--- DATA UNDER STUDY Enclosed Below ---

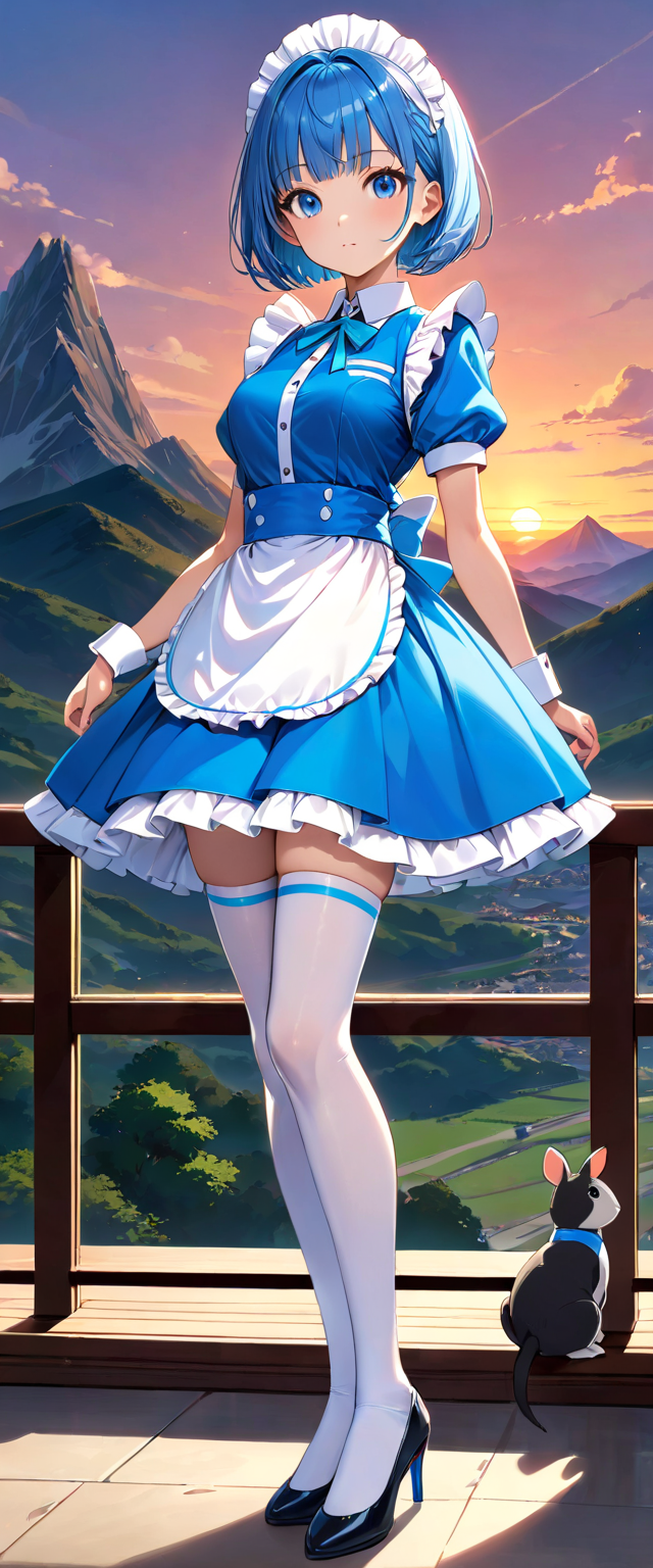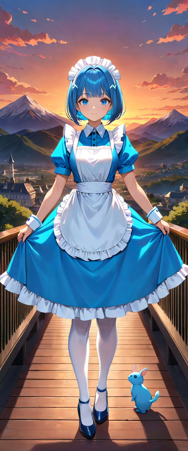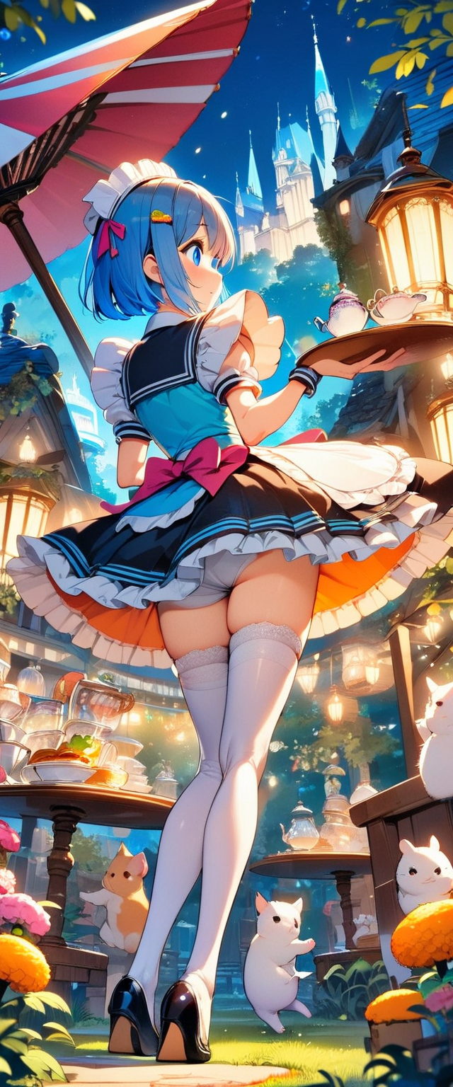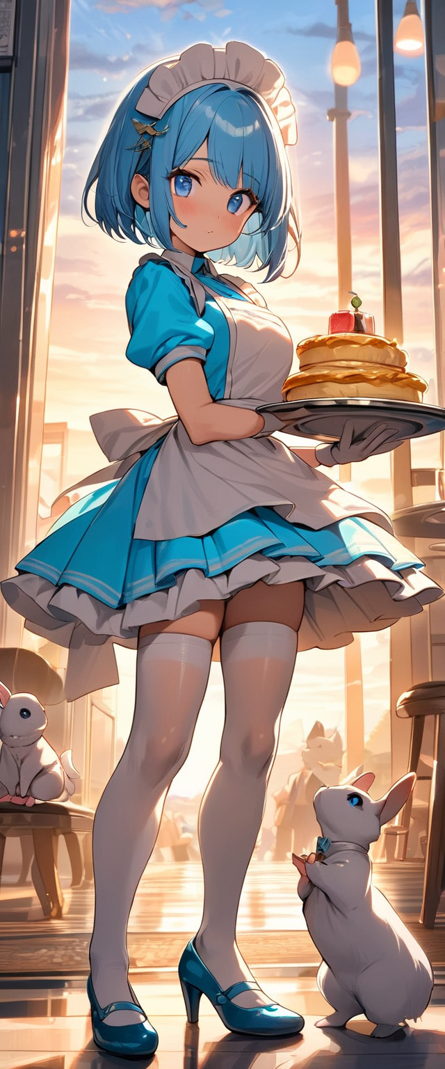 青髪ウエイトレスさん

--- End of Enclosed DATA UNDER STUDY ---
--- DATA UNDER STUDY Enclosed Below ---

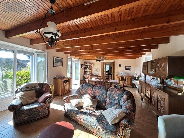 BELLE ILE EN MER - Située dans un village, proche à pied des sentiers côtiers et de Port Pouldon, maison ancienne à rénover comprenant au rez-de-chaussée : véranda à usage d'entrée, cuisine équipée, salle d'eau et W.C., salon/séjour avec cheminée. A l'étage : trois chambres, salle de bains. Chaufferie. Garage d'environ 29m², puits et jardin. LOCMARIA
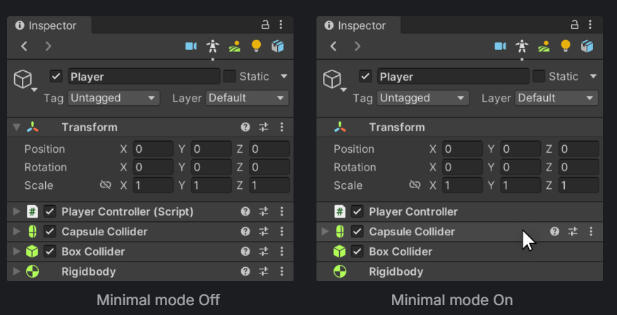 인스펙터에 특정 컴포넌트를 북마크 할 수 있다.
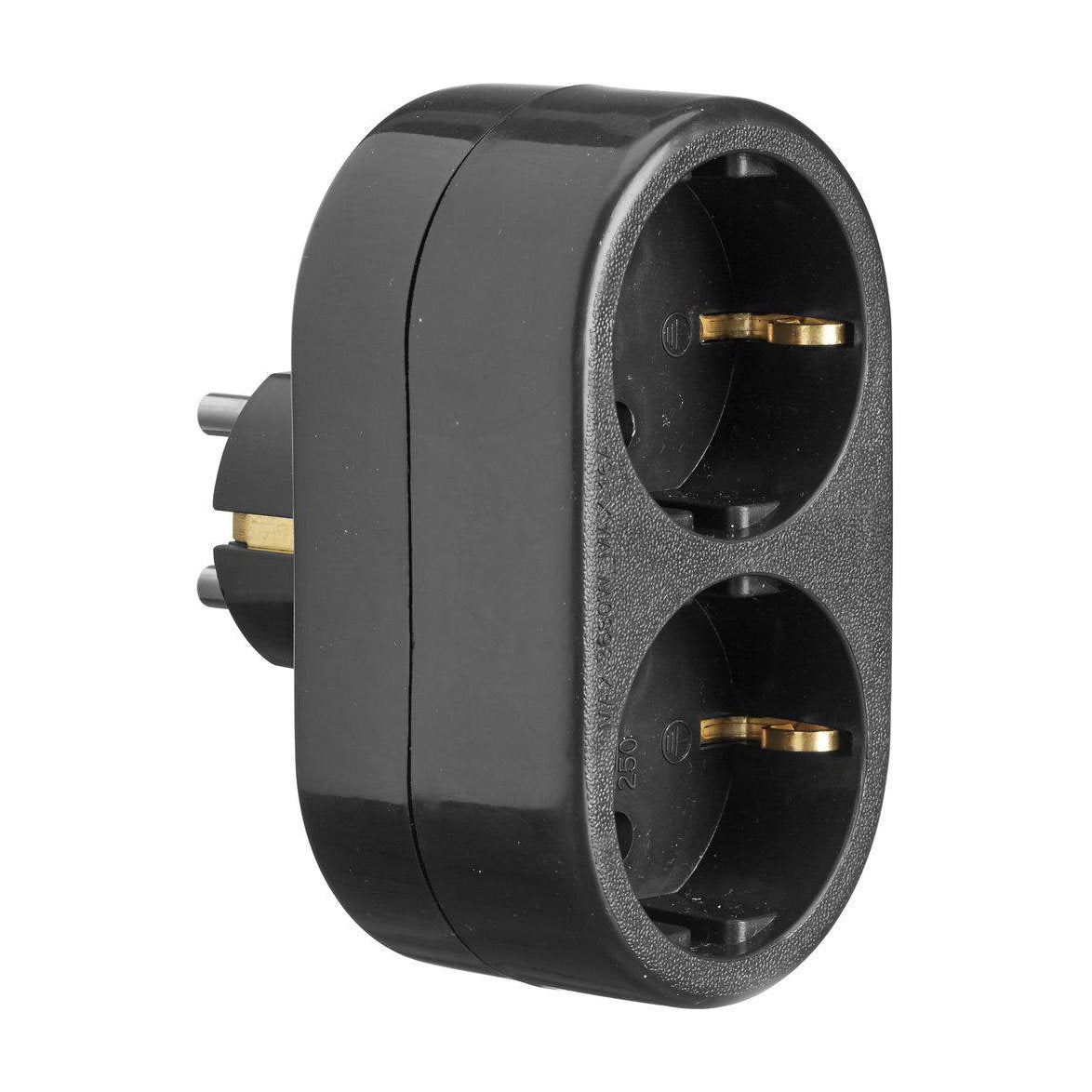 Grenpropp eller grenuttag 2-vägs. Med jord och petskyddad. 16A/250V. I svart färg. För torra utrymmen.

--- End of Enclosed DATA UNDER STUDY ---
--- DATA UNDER STUDY Enclosed Below ---

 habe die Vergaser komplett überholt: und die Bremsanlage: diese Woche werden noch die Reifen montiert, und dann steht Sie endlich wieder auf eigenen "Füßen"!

--- End of Enclosed DATA UNDER STUDY ---

• _TASK STATEMENT_: Your task is to copy only the lines above starting at the one containing "BELLE ILE EN" and ending at the one containing "Grenpropp eller grenuttag". Copy them exactly, both ends included, and omit the pictures.

• _WRITTEN ANSWER_:
 BELLE ILE EN MER - Située dans un village, proche à pied des sentiers côtiers et de Port Pouldon, maison ancienne à rénover comprenant au rez-de-chaussée : véranda à usage d'entrée, cuisine équipée, salle d'eau et W.C., salon/séjour avec cheminée. A l'étage : trois chambres, salle de bains. Chaufferie. Garage d'environ 29m², puits et jardin. LOCMARIA
 인스펙터에 특정 컴포넌트를 북마크 할 수 있다.
 Grenpropp eller grenuttag 2-vägs. Med jord och petskyddad. 16A/250V. I svart färg. För torra utrymmen.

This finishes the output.